The Formation of the Ootheca by Periplaneta americana II. The Structure and Function of the Left Colleterial Gland

P.C. J. BRUNET 1

1 Department of Zoology and Comparative Anatomy, University Museum, Oxford

The anatomy of the left colleterial gland of the cockroach is described. It is convenient to subdivide the gland into four regions. At the posterior end, abutting on to the outlet of the gland, there is no secretory activity and the cells of this region are not unlike normal epidermal cells. Anterior to this region are the three secretory regions of the gland; of these, the anterior and posterior secrete the structural protein and the constituent cells are equipped with a complex end-apparatus, a thick-walled depression in the apex of the cell in which the final stages of the elaboration of the secretion occur. The body of the end-apparatus contains canalicules which lead to the lumen of the gland. Alkaline phosphatase is abundantly present in this organ. Protein is secreted continuously, and there is no cycle related to oviposition. The third region, between the protein-secreting regions, secretes an oxidase, whose function may well be to oxidize the phenolic tannin-precursor produced in the right colleterial gland when the products of the two glands come together at oviposition.
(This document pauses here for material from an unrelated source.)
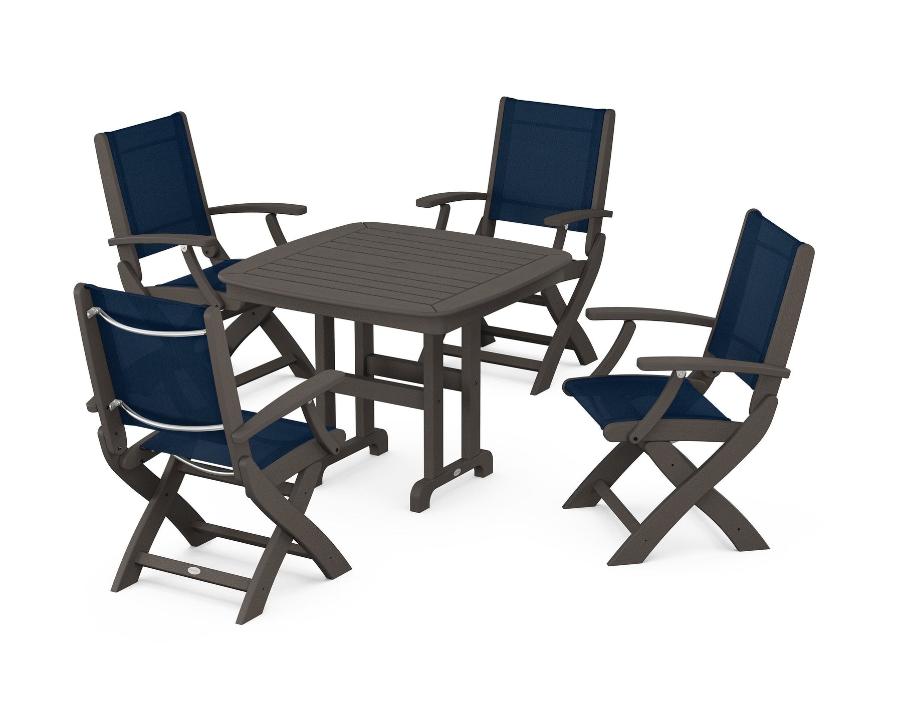 POLYWOOD® Coastal Folding Chair 5-Piece Dining Set

The gland becomes fully functional some 14 days after the final moult, the immature cells of the nymph developing directly into mature cells characteristic of the region in which they occur. Within each of the main regions the cells show some differences which suggest that there is a wave of change passing along the gland. It appears that the cells of the anterior end of the gland become defunct and the hitherto inactive cells of the posterior end take on a secretory function.

The structural protein has a high phenolic content, and contains no combined carbohydrate. The presence of lipoid in the secretory cells appears to be directly bound up with the secretory processes.